_RECORDS TO PROCESS_:
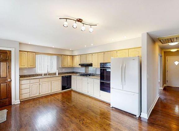 CHECK OUT THE 3D TOUR!!! Solid Brick Ranch with double front entry doors on a large lot, features 3 bedrooms and 3 full bathrooms and full finished basement. The spacious living room dining room combo has refinished hardwood flooring plus a large picture window for natural light and nice view. Updated kitchen has plenty of cabinets with newer Quartz counters (2018) plus newer sink and faucet. Eat-in kitchen also has newer hardwood floors with room for full sized dining table and chairs. Three bedrooms all have beautiful refinished hardwood floors, modern lighting plus large closets and have all been freshly painted. All newer interior doors are quality solid wood with new trim molding and new hardware. The primary bedroom has a newer updated full bathroom w ceramic tile floor and shower and quality fixtures. The 1st floor main bathroom is also updated with marble tile floor and shower. Finished basement includes a large recreation room with wet bar and lots of storage, a 3rd bathroom with rough shower (needs updating) plus room for a home gym or office or maybe even a 4th bedroom. Laundry utility room is also very large with potential for a play work or craft area. Attic has new insulation (2019) plus an attic exhaust fan and whole house fan. Plumbing and electrical is all newer, including 100 amp breaker panel. Exterior back door to kitchen is brand new with new storm door. AC unit is newer (2019) Large manicured back yard with two patios and long double wide side drive and 2 car garage. Unincorporated. Lower taxes. Lake Michigan water and Public sewer. Elmhurst schools. Home is move in ready and has been professionally painted and cleaned! You can be closed and moved for the holidays!!!
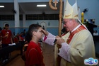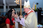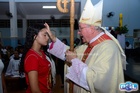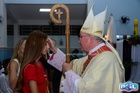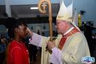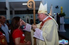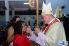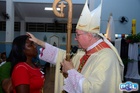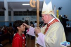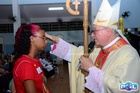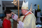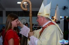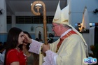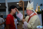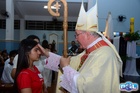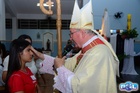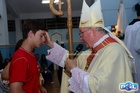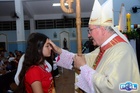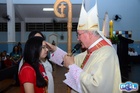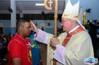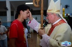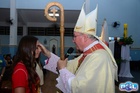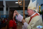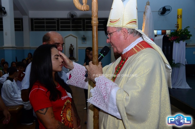 O momento mais aguardado foi quando cada crismando se aproximou de Dom Cláudio, acompanhado de seu padrinho ou madrinha, recebendo na testa o sinal da cruz com o óleo do Crisma.
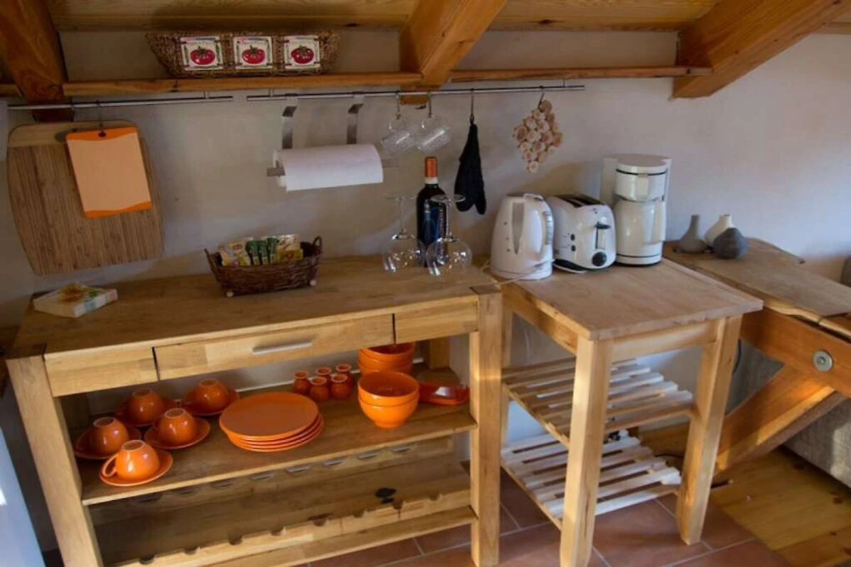 , , open keuken(, kitchenette, kachel, waterkoker, broodrooster, broodrooster, fornuis, koffiezetapparaat, koelkast, vriezer), woon/slaapkamer(, 1-pers. slaapbank, TV, TV, open haard, radio), slaapkamer(1-pers. bed, 2-pers. bed), badkamer(toilet, douche), Internettoegang, Internettoegang, ledikant, balkon(tuinmeubilair), parking
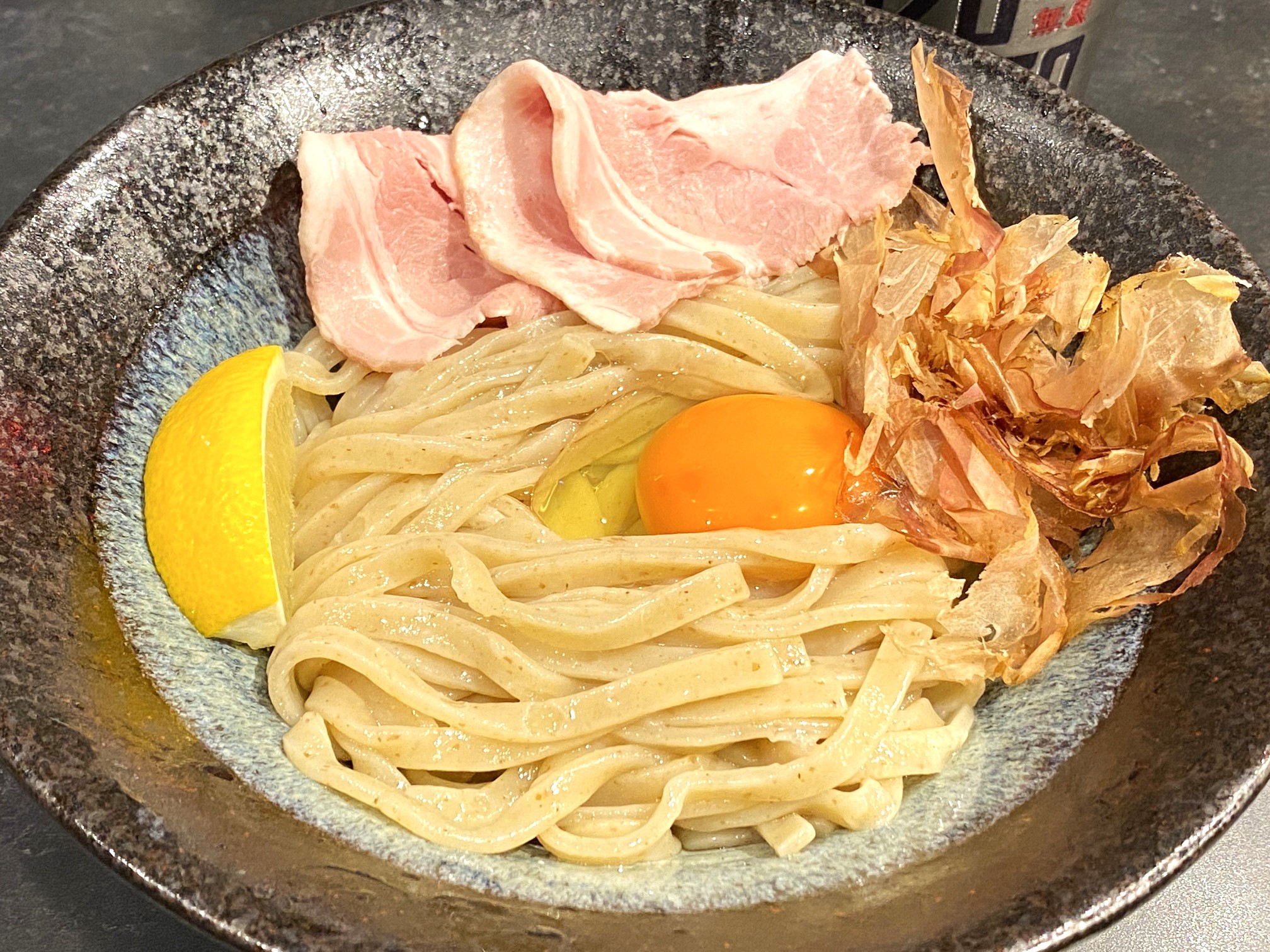 全粒粉の平太麺に生卵、チャーシュー、かつおぶし、レモンが乗ったユニークなまぜ麺「タマゴかけ麺 ゴッド」は同店の名物。
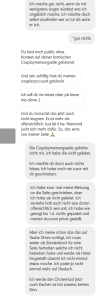 Denn dann tauchte eine Seite, namens Cosplaymeinung auf Instagram auf. Dieser postete Einsendung verschiedenster User mal mit Namen, mal anonym. Dies gefiel der Cosplay Community natürlich überhaupt nicht, denn ihre PERFEKTE Welt sollte nicht so verdorben werden! – Obwohl sie das schon lange ist!
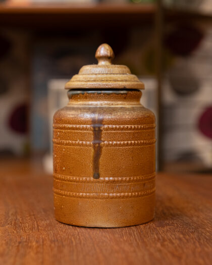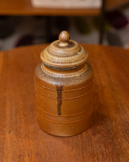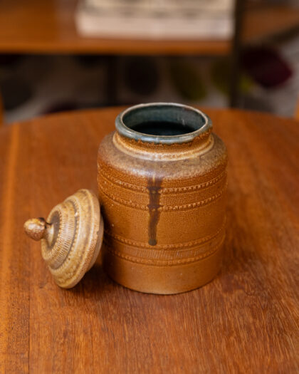 Discover a beautiful piece of mid-century modern design with this exquisite pottery storage jar from the renowned Portuguese Campos Filhos Aveiro Studio. This rare and immaculate jar offers both functionality and elegance, making it a perfect addition to any home décor.

_ACTION ITEM_: Pictures within the entries must not be reproduced; everything else is to be restated verbatim.

_SOLUTION TO THE EXERCISE_:
 CHECK OUT THE 3D TOUR!!! Solid Brick Ranch with double front entry doors on a large lot, features 3 bedrooms and 3 full bathrooms and full finished basement. The spacious living room dining room combo has refinished hardwood flooring plus a large picture window for natural light and nice view. Updated kitchen has plenty of cabinets with newer Quartz counters (2018) plus newer sink and faucet. Eat-in kitchen also has newer hardwood floors with room for full sized dining table and chairs. Three bedrooms all have beautiful refinished hardwood floors, modern lighting plus large closets and have all been freshly painted. All newer interior doors are quality solid wood with new trim molding and new hardware. The primary bedroom has a newer updated full bathroom w ceramic tile floor and shower and quality fixtures. The 1st floor main bathroom is also updated with marble tile floor and shower. Finished basement includes a large recreation room with wet bar and lots of storage, a 3rd bathroom with rough shower (needs updating) plus room for a home gym or office or maybe even a 4th bedroom. Laundry utility room is also very large with potential for a play work or craft area. Attic has new insulation (2019) plus an attic exhaust fan and whole house fan. Plumbing and electrical is all newer, including 100 amp breaker panel. Exterior back door to kitchen is brand new with new storm door. AC unit is newer (2019) Large manicured back yard with two patios and long double wide side drive and 2 car garage. Unincorporated. Lower taxes. Lake Michigan water and Public sewer. Elmhurst schools. Home is move in ready and has been professionally painted and cleaned! You can be closed and moved for the holidays!!!
 O momento mais aguardado foi quando cada crismando se aproximou de Dom Cláudio, acompanhado de seu padrinho ou madrinha, recebendo na testa o sinal da cruz com o óleo do Crisma.
 , , open keuken(, kitchenette, kachel, waterkoker, broodrooster, broodrooster, fornuis, koffiezetapparaat, koelkast, vriezer), woon/slaapkamer(, 1-pers. slaapbank, TV, TV, open haard, radio), slaapkamer(1-pers. bed, 2-pers. bed), badkamer(toilet, douche), Internettoegang, Internettoegang, ledikant, balkon(tuinmeubilair), parking
 全粒粉の平太麺に生卵、チャーシュー、かつおぶし、レモンが乗ったユニークなまぜ麺「タマゴかけ麺 ゴッド」は同店の名物。
 Denn dann tauchte eine Seite, namens Cosplaymeinung auf Instagram auf. Dieser postete Einsendung verschiedenster User mal mit Namen, mal anonym. Dies gefiel der Cosplay Community natürlich überhaupt nicht, denn ihre PERFEKTE Welt sollte nicht so verdorben werden! – Obwohl sie das schon lange ist!
 Discover a beautiful piece of mid-century modern design with this exquisite pottery storage jar from the renowned Portuguese Campos Filhos Aveiro Studio. This rare and immaculate jar offers both functionality and elegance, making it a perfect addition to any home décor.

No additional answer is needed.